Üroflowmetri ve Elektromyografinin Çocuk Cerrahisi/Ürolojisi Pratiğindeki Yeri

Hİ Tanrıverdi*, H Çayırlı*, HC Demirtürk*, B Arıkbaşı*, P Ertan**, İ Akil**, C Taneli*
*Celal Bayar Üniversitesi, Tıp Fakültesi, Çocuk Cerrahisi Anabilim Dalı, Çocuk Ürolojisi Bilim Dalı, Manisa
**Celal Bayar Üniversitesi, Tıp Fakültesi, Çocuk Sağlığı ve Hastalıkları Anabilim Dalı, Çocuk Nefroloji Bilim Dalı, Manisa

Amaç:Alt üriner sistem işlev bozukluklarının tanısını koymak için mümkün olduğunca az invaziv yöntemler kullanılmalıdır. Uroflowmetri ile birlikte yapılan elektomyografi(UF/EMG), ürodinamiye göre çok daha az invaziv bir tanı yöntemidir. Bu çalışmada, üçüncü basamak bir merkezde, çocuklarda UF/EMG’nin kullanıldığı hasta grubunun ve tanı koymadaki etkinliğinin araştırılması amaçlanmıştır.

Gereç ve yöntem:Ocak 2015-Mart 2016 tarihleri arasında UF/EMG testi yapılan 70 hasta bu retrospektif çalışmaya dahil edilmiştir. Olgulara UF/EMG, rutin fizik muayenenin bir parçası olarak ve kontrol muayeneleri sırasında yapılmıştır. UF parametreleri, işeme eğrisinin özellikleri, işeme sırasında pelvik taban kaslarının aktivasyonunu gösteren EMG aktivitesi kaydedilmiştir. Hastanın fizik muayene bulguları ve alt üriner sistem semptomlarının kayıtları tutulmuştur. Hastanın sistoskopi gibi cerrahi tedavilere olan ihtiyacına, ayrıca biofeedback eğitimi, transkutanöz elektriksel sinir stimulasyonu ve antikolinerik ilaçların başlanmasına, UF/EMG ve klinik bulgular birlikte değerlendirilerek karar verilmiştir. Tüm olgularda ultrasonografi ile artık idrar kalışı olup olmadığının kontrolü yapılmıştır. 

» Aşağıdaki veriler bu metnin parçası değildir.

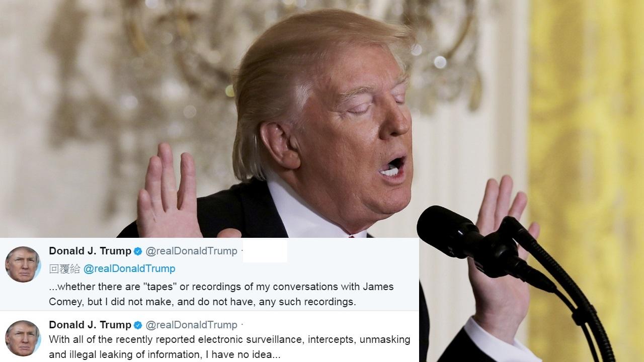 返回 本地 2017-06-23 18:10:00 特朗普承認無錄下與科米談話 分享: 美國總統特朗普於5月9日開除科米後,曾說過科米最好希望沒有二人私下談話的錄音,暗示他有不利科米的秘密錄音,幾周來外界一直敦促他證明。特朗普今天於Twitter承認,他沒有錄下與聯邦調查局(FBI)前局長科米(James Comey)的談話,也未持有任何相關錄音帶。 特朗普指:「最近有關電子偵測、攔截、揭密和非法洩露資訊的報道」、「我不知道我與科米的談話是否有『錄音帶』或錄音,但我沒有做任何此類錄音,也未持有它們。」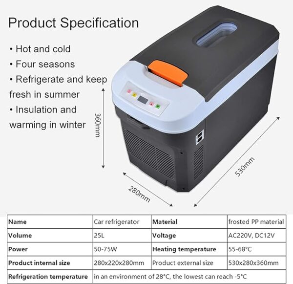 Whether you need cooling or heating, for home use or outdoors, this is always your helper. Put anything you want in this 25L mini-fridge. Equipped with a detachable shelf, you can assemble it as you like, and its capacity exceeds your imagination. The advanced thermoelectric system can cool up to 25°C below ambient temperature or 55–65°C at high temperature. Keep your drinks cold and your food warm at the press of a switch! Feature Quiet and low noise The running sound of the fridge is about 39 decibels, the noise is lower than similar products, and it is quiet and eco-friendly. Specifications Name: Car refrigerator Operating voltage: AC220V/DC12V Power: 50–75W Material: ABS + polyurethane (PU) hydration layer Refrigeration temperature: about 28°C lower than ambient temperature, the lowest can be up to -5°C Heating temperature: 55–68°C Product internal size: 280x220x280 mm Product external size: 530x280x360 mm Single package weight : 6.5 kg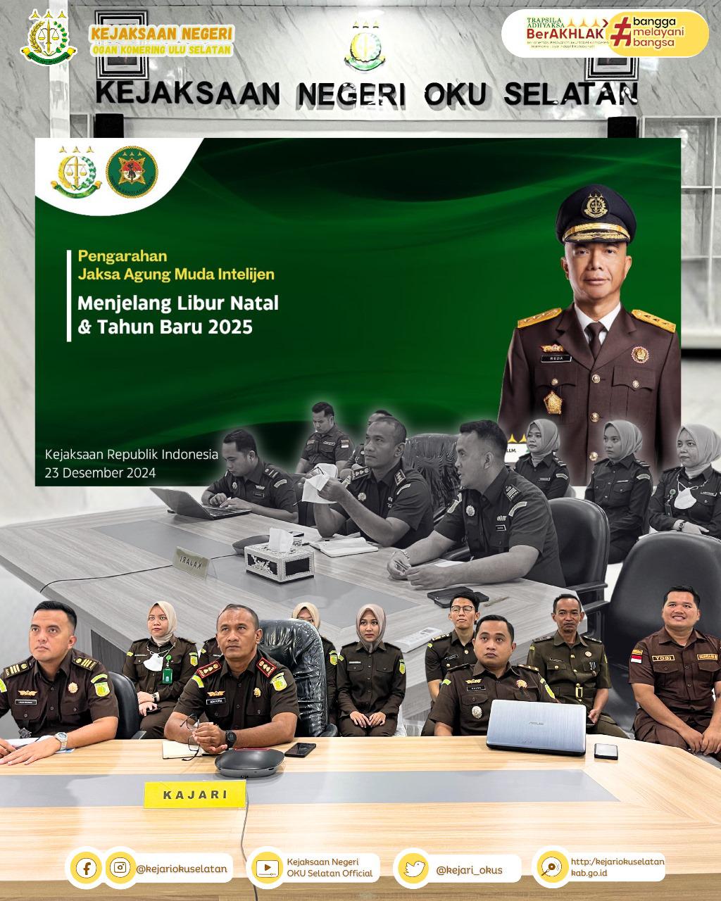Senin, 23 Desember 2024 pukul 09.00 yang bertempat di Aula Kantor Kejaksaan Negeri Ogan Komering Ulu Selatan, Kepala Kejaksaan Negeri Ogan Komering Ulu Selatan Bapak Beni Putra, S.H., M.H beserta PLH Kepala Seksi Bidang Intelijen Bapak Aldi Rinanda Rijasa.,S.H.,M.H, Kasubsi dan seluruh Jajaran Bidang Intelijen Kejaksaan Negeri Ogan Komering Ulu Selatan mengikuti Pengarahan Akhir Tahun Jaksa Agung Muda Intelijen Menjelang Libur Natal & Tahun Baru 2025 yang dilakukan secara daring melalui Zoom Meeting.

Bulgular:Toplam 70 hastanın 41’i kız, 29’u erkektir. Hastaların yaş ortalaması 8,8+3,3’tür. Hastaların %20(n=14)’sinde, bu test hastanın ilk muayenesinin bir parçası olarak uygulanmıştır. UF/EMG testi; hastaların %65,7(n=46)’sinde alt üriner sistem disfonksiyonunun ayırıcı tanısında, %21,4(n=15)’ünde vezikoüreteral refluye eşlik eden klinik olarak ayırt edilemeyen işeme bozukluklarının tanısında, %8,6(n=6)’sında hipospadias cerrahisi veya sünnet sonrasında gelişen meatal darlığın tanısında, %4,3(n=3)’ünde mesane çıkış obstrüksiyonlarının tanısı için yardımcı bir yöntem olarak kullanılmıştır. Olguların %15’de ultrasonografi(US) ile mesanede 20cc’den fazla artık idrar saptanmıştır. US ile mesanede artık idrar kalışının kontrol edilmesi tanı konulmasına katkı sağlamıştır. Bu teknikte, mesane üretral yolla yerleştirilen bir kateterle irrite edilmediğinden ya da çocuk üretrada  kateter varken işetilmediğinden,  özellikle  disfonksiyonel işeme gibi  boşatma fazı sorunlarının tanısı için çok yararlıdır. Ayrıca meatus darlıklarında ve şüpheli üretra patolojilerini araştırmada değerli bir yöntem olduğu düşünülmektedir. 

Sonuç:UF/EMG non-invaziv, ucuz ve rutin klinik muayenenin bir parçası olarak kolaylıkla uygulanabilen bir testtir. Klinikte pratikte en çok alt üriner sistem işlev bozuklukları ve üretra patolojilerinin tanısında kullanılmıştır. UF/EMG testinin, gelecekte Çocuk Cerrahisi/Ürolojisi pratiğinde çok daha yaygın olarak kullanılacağı düşünülmektedir.